This is what makes sports more intriguing than scripted entertainment, because it is so often utterly inexplicable. The Broncos were as bad as they could be in the first half, then about as good as they could be in the second. The Chargers were the opposite. By the end, it was the biggest comeback in the history of Monday Night Football.

So, naturally, everybody wanted to know what was said in the locker room at intermission. Some sort of Knute Rockne thing?

“There’s no magical words of wisdom, that’s for sure,” coach John Fox told KOA afterward. “I think as I looked in their eyes, and I told them this, I could see they thought they could come back and win the game. The whole thing is believing. They did, and we were fortunate after digging ourselves such a big hole to be able to come back.”

They did have one thing going for them — plenty of experience fighting back from large deficits.

“There’s no speech that causes that turnaround,” Manning said. “It’s simply a matter of will. I do think offensively the fact that we had been there before, we have shown the ability to score quickly. It was nice to finally get a lead there in the fourth quarter and give our defense a chance to play with the lead and they could really peel their ears back and rush the passer.”

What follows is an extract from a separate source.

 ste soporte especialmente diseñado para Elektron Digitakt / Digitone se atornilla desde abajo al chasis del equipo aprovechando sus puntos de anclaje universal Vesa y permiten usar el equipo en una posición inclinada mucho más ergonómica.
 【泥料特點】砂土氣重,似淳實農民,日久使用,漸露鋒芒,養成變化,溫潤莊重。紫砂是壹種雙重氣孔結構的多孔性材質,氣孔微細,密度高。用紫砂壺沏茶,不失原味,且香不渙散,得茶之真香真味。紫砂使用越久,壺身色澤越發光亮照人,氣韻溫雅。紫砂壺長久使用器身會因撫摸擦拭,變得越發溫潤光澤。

The litany of mistakes in the first half made the Broncos look as incompetent as they had looked since Manning’s arrival:

— In his first attempt to field a punt for the Broncos — a fair catch, no less — Trindon Holliday, signed just last week after being released by Houston, dropped the ball. The Chargers recovered and kicked a field goal three plays later.

— Rookie Omar Bolden fumbled the ensuing kickoff. The Chargers kept trying to give the Broncos the ball and the Broncos kept giving it back. The Chargers required only two plays to score a touchdown, making it 10-0.

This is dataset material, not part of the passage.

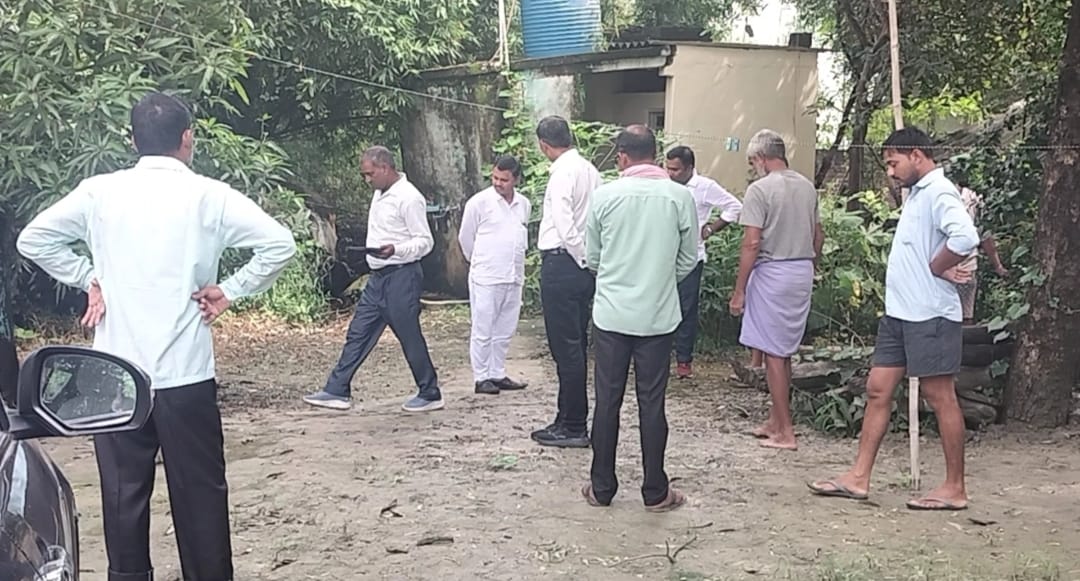 हाईकोर्ट के आदेश पर राजस्व टीम ने की तालाब खाते के जमीन की पैमाइश

— Following a Jim Leonhard interception, the Broncos were driving when Manning and Matt Willis miscommunicated on a sight adjustment. Instead of completing a long drive with a score and pulling themselves back into the game, the Broncos watched Jammer, the Chargers cornerback, pick off Manning’s pass and run it 80 yards the other way for a 17-0 lead.

— As if to rub it in, Chargers quarterback Philip Rivers drove the ball down the Broncos’ throats in the final four minutes of the half, capping the drive with a touchdown pass to tight end Antonio Gates.

“We were really down,” said veteran receiver Brandon Stokley. “Anytime you’re down 24-0 in the first half and played like we played, we were disappointed. But we’ve got a lot of professionals in this room, a lot of guys with heart and character, and I knew we were going to come out in the second half and give everything we had, and that’s what we did.”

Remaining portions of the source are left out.